Women Coaching Sports: A New Educational Series

Currently I am working on developing the first Women Coaching Sports workshop. Research shows female athletes who have never been coached by a female often believe that male coaches are more competent than female coaches. In the absence of female coaches and role models, female athletes may devalue their own abilities, accept negative stereotypes, fail to realize their potential, or consider coaching as a viable career path. In addition, research indicates that coaches cite formalized mentoring as the most important factor in their acquisition and development of coaching knowledge and expertise. Less than 20% of all youth sport coaches are female, and many female coaches face personal, familial and structural barriers that prevent or impede them from entering and remaining in coaching.

U of M coachTo help address these barriers, I’m developing an educational series for women who coach sports at the youth and interscholastic levels. Some of the curriculum utilizes ideas from youth sport mother-coaches I interviewed as part of a research initiative. The series mirrors the NACWAA/HERS Institute for collegiate coaches and administrators.

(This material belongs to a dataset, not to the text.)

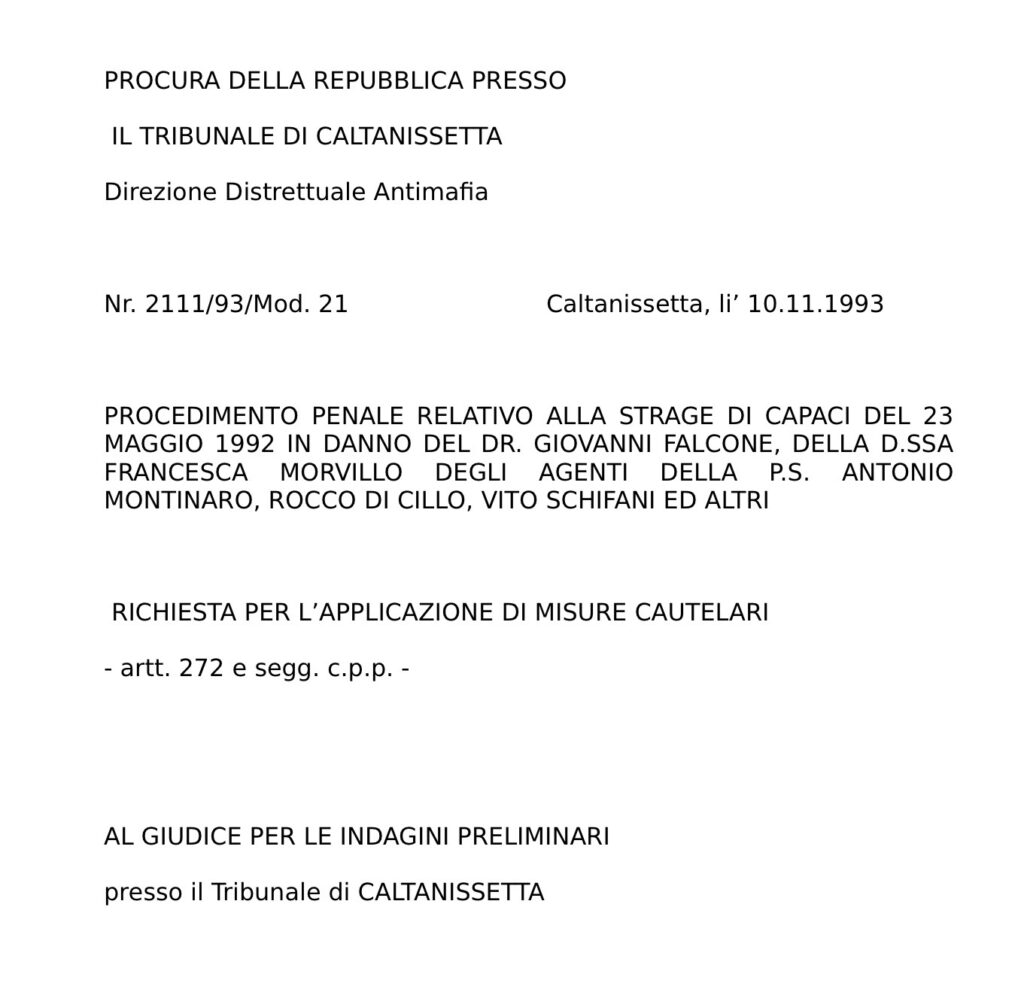 … Tutti gli elementi finora acquisiti dimostrano, senza possibilita’ di smentita, che a deliberare ed attuare l’eliminazione fisica del Giudice FALCONE – con modalita’ e luoghi dell’evento di cui si dira’ in seguito – e’ stata l’organizzazione mafiosa denominata “Cosa Nostra” di cui la Suprema Corte di Cassazione (con sentenza nr. 80/92 del 30.01.92 le cui motivazioni s’intendono qui interamente riportate) ha definitivamente sancito – al termine dell’iter processuale del c.d. maxiprocesso di Palermo – l’esistenza, la struttura unitaria e verticistica, le regole comportamentali degli adepti e l’elevata potenzialita’ criminale ( cfr. Faldoni 26, 26/A e 26/B per sentenza di I grado – Faldoni 26/C e 26/D per sentenza di III grado). Giova fin da ora premettere che la presente richiesta prendera’ in esame, quasi esclusivamente, le posizioni di coloro che sono stati individuati come facenti parte del commando operativo che ha organizzato ed eseguito la strage…

The purpose of the Women Coaching Sports workshop series is threefold:
1. To provide cutting-edge, research-based educational workshops for females who coach at the interscholastic and youth levels
2. To provide an opportunity for female coaches to build community, network, and develop on-going support for each other throughout their coaching tenures
3. To attract, develop, retain and empower diverse female coaches

The series is a collaborative outreach project of two entities at the University of Minnesota—the Tucker Center for Research on Girls & Women in Sport and the Minnesota Youth Sport Research Consortium.

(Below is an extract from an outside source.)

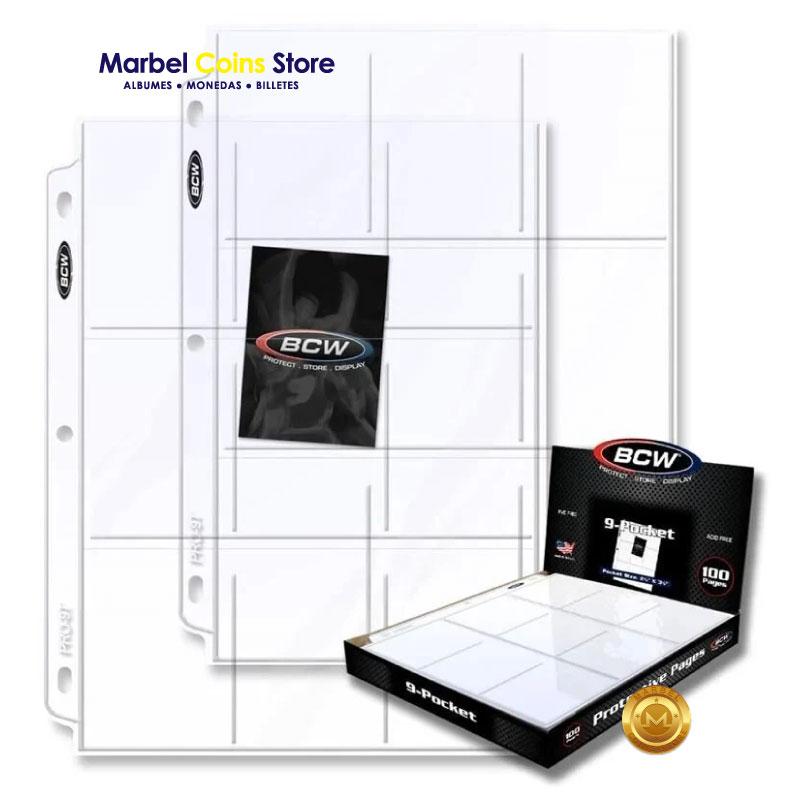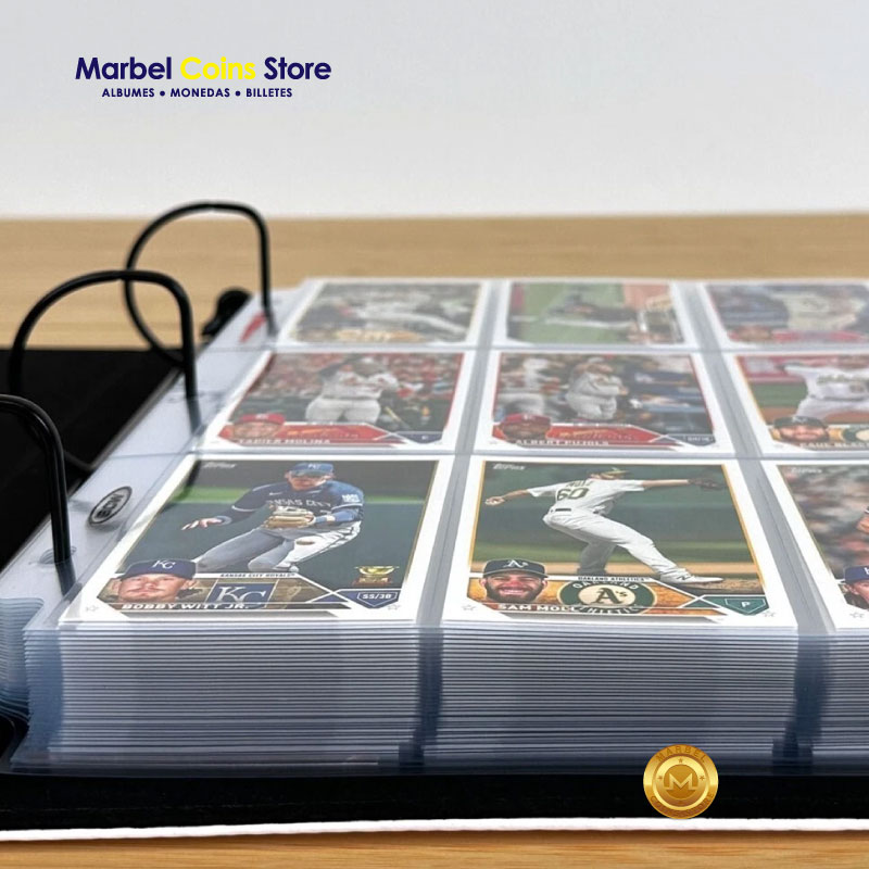 9 bolsillos por página. Una caja de 100 páginas puede almacenar hasta 900 tarjetas.

I would love to hear your ideas about content to include in the workshop series or ideas you may have. Stay tuned for more information about this exciting venture!

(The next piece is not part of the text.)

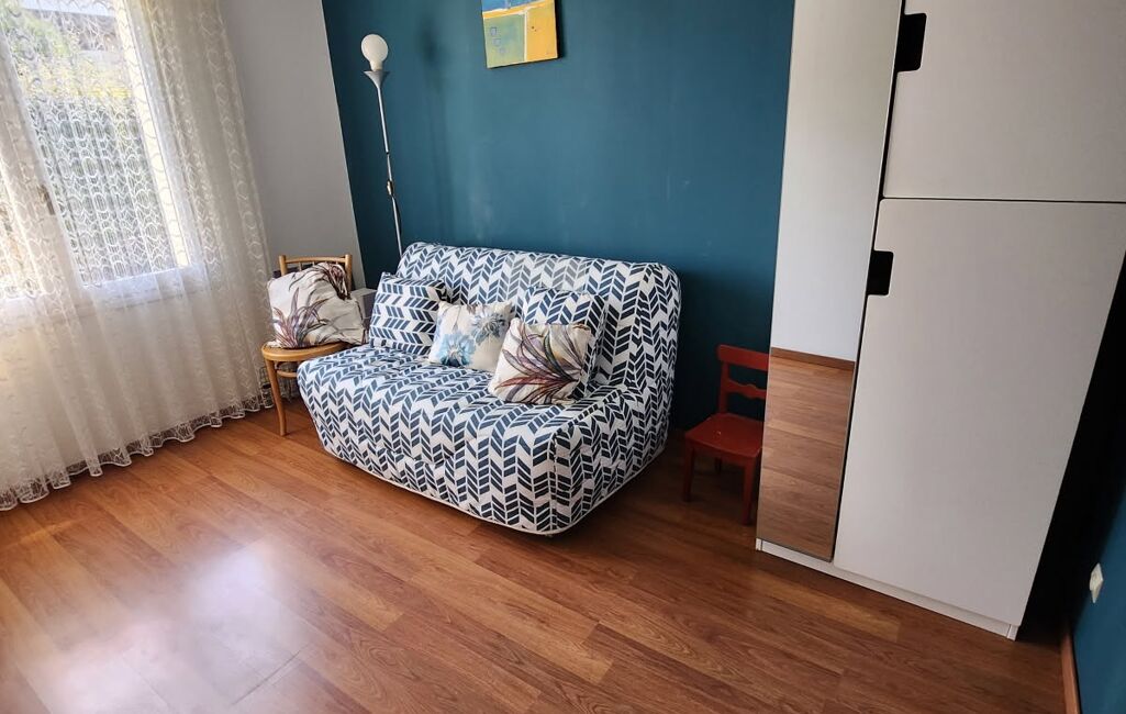 À l'étage, vous trouverez une très grande chambre spacieuse de 18m2 au sol munie d un climatiseur , une salle d'eau, des toilettes et un bureau (pouvant également servir de salle de jeux ou de chambre d amis sur une surface de 21m2 carrez ). Chaque membre de la famille pourra profiter d'un espace privatif confortable.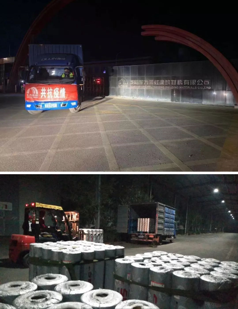 2月19日,芜湖生产基地又紧急将丰城市“方舱医院”调配项目建设所需物资:东方雨虹SAM-921高强型自粘沥青防水卷材,连夜送往施工现场。

3 Replies to “Women Coaching Sports: A New Educational Series”

  1. I’m willing to bet that even when women are coaches that they are coaches for their daughters’ teams. The fact that it is a normal practice for men to coach their sons’ and daughters’ teams but only normal for women to coach daughters’ teams should be addressed. For instance, my dad coached both me and my brother in a number of sports. My best friend’s mom coaches her daughter’s softball team while the dad coaches his son’s football team. The same double standard is seen in higher level sports–the men can coach either men or women but the women can only coach women. So, how can moms and other women coach a young boy’s team successfully? How can they overcome the parents’ likely dissent and get the young boys to take them seriously as a coach who is every bit as (or maybe even more) knowledgeable?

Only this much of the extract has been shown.